> _Directions for this task_:
All records are to be restated word for word, with pictures excluded.

Recorded data:
......

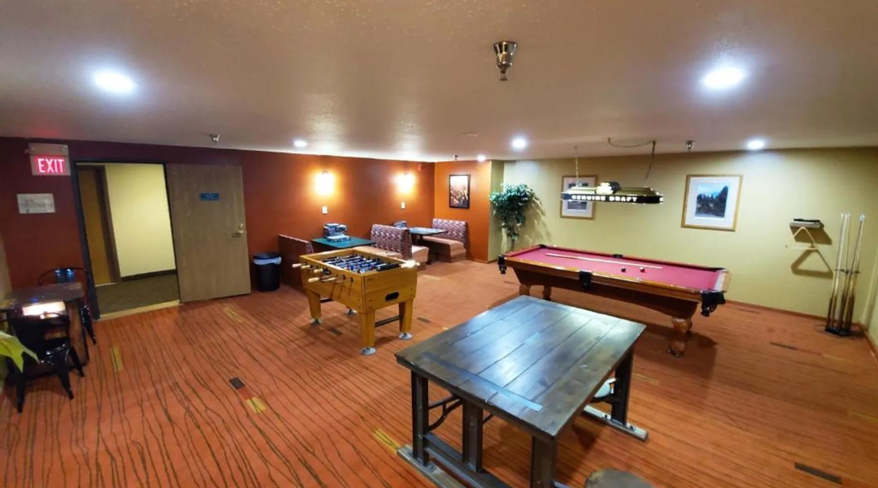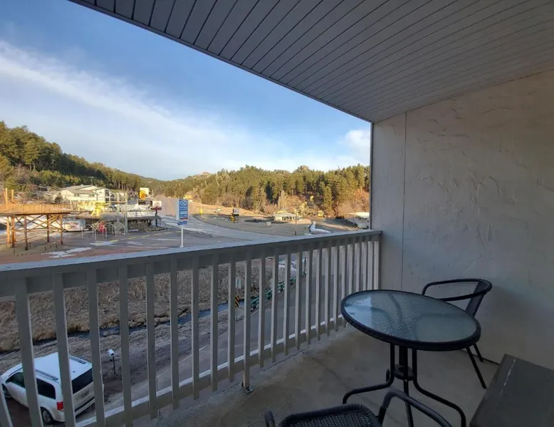 Comfortable Accommodations: Roosevelt Inn Mount Rushmore in Keystone offers family rooms with private bathrooms, air-conditioning, and free WiFi. Each room includes a balcony with mountain views, a work desk, and a sofa bed. Leisure Facilities: Guests can enjoy a swimming pool with a view, sun terrace, and outdoor seating area. The property features a lounge, games room, and a hot tub for relaxation. Convenient Location: Located 2.5 mi from Mount Rushmore and 28 mi from Rapid City Regional Airport, the inn is near attractions such as Rush Mountain Adventure Park (6.8 mi) and Crazy Horse Memorial (18 mi). Free on-site parking is available. Guest Services: The inn provides free WiFi, air-conditioning, and a hot tub. Additional services include a elevator, housekeeping, express check-in and check-out, and streaming services. A flat-screen TV and a small refrigerator are featured in this air-conditioned room. An private bathroom equipped with a hairdryer is also included. A microwave is provided as well.
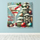 Retro 50s Cranberry Snowflake Christmas Martini Canvas Print
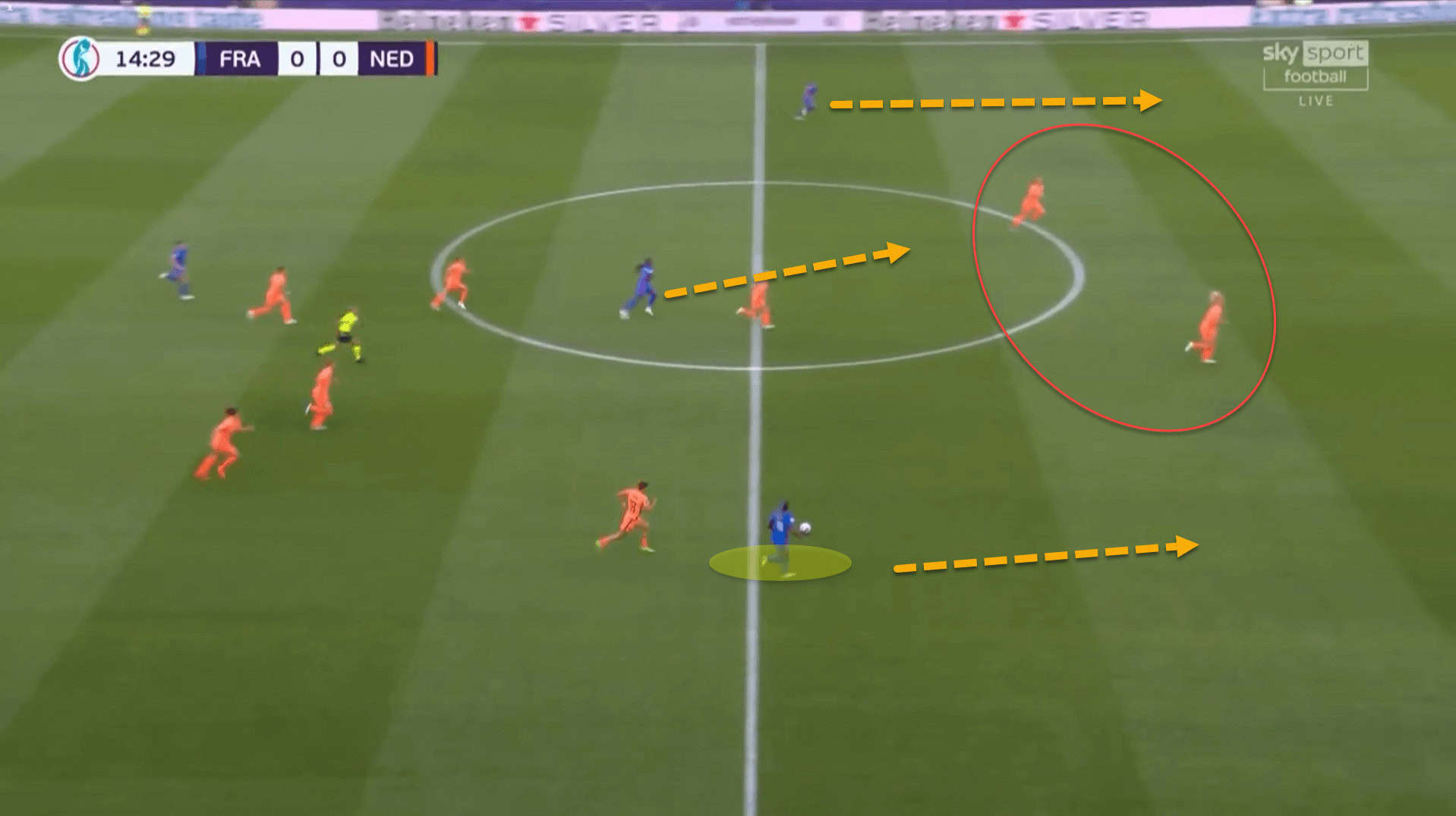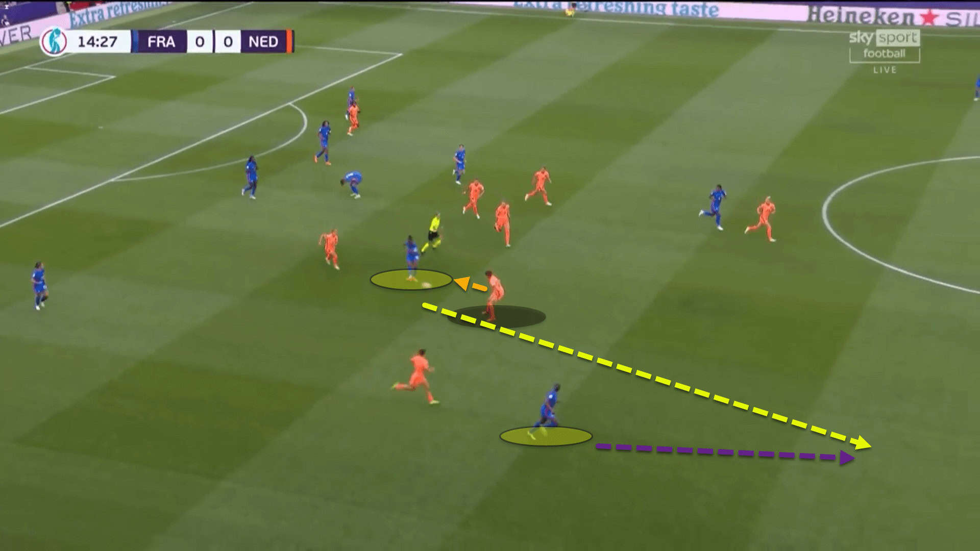 In this example, France had forced Italy to the left flank where they were able to aggressively close down the opponents in a player-to-player fashion. Even the left-back Sakina Karchaoui stepped up to tightly press the Italian winger.
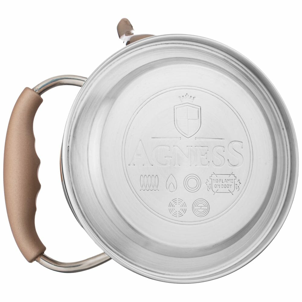 Чайник со свистком Agness 3л, индукционное капсульное дно, молочный, нержавеющая сталь
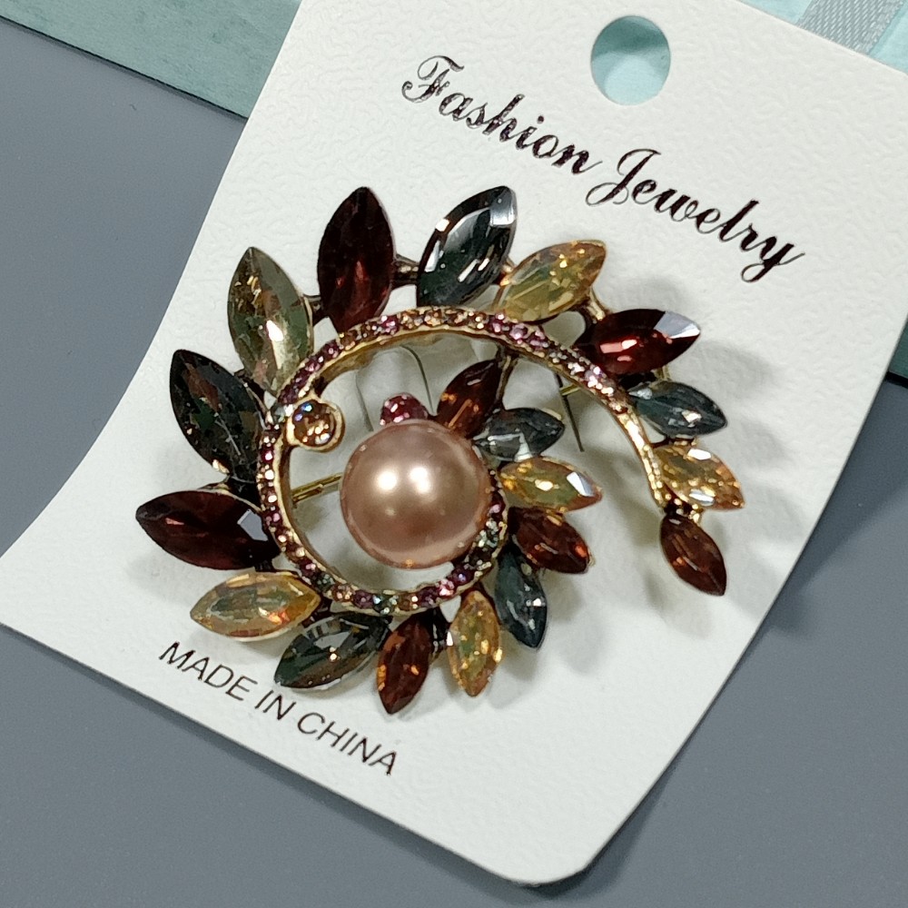 Брошь арт. 27252 (металл, стразы, иск. жемчуг), 4х4.6см

......

> _Written solution_:
 Comfortable Accommodations: Roosevelt Inn Mount Rushmore in Keystone offers family rooms with private bathrooms, air-conditioning, and free WiFi. Each room includes a balcony with mountain views, a work desk, and a sofa bed. Leisure Facilities: Guests can enjoy a swimming pool with a view, sun terrace, and outdoor seating area. The property features a lounge, games room, and a hot tub for relaxation. Convenient Location: Located 2.5 mi from Mount Rushmore and 28 mi from Rapid City Regional Airport, the inn is near attractions such as Rush Mountain Adventure Park (6.8 mi) and Crazy Horse Memorial (18 mi). Free on-site parking is available. Guest Services: The inn provides free WiFi, air-conditioning, and a hot tub. Additional services include a elevator, housekeeping, express check-in and check-out, and streaming services. A flat-screen TV and a small refrigerator are featured in this air-conditioned room. An private bathroom equipped with a hairdryer is also included. A microwave is provided as well.
 Retro 50s Cranberry Snowflake Christmas Martini Canvas Print
 In this example, France had forced Italy to the left flank where they were able to aggressively close down the opponents in a player-to-player fashion. Even the left-back Sakina Karchaoui stepped up to tightly press the Italian winger.
 Чайник со свистком Agness 3л, индукционное капсульное дно, молочный, нержавеющая сталь
 Брошь арт. 27252 (металл, стразы, иск. жемчуг), 4х4.6см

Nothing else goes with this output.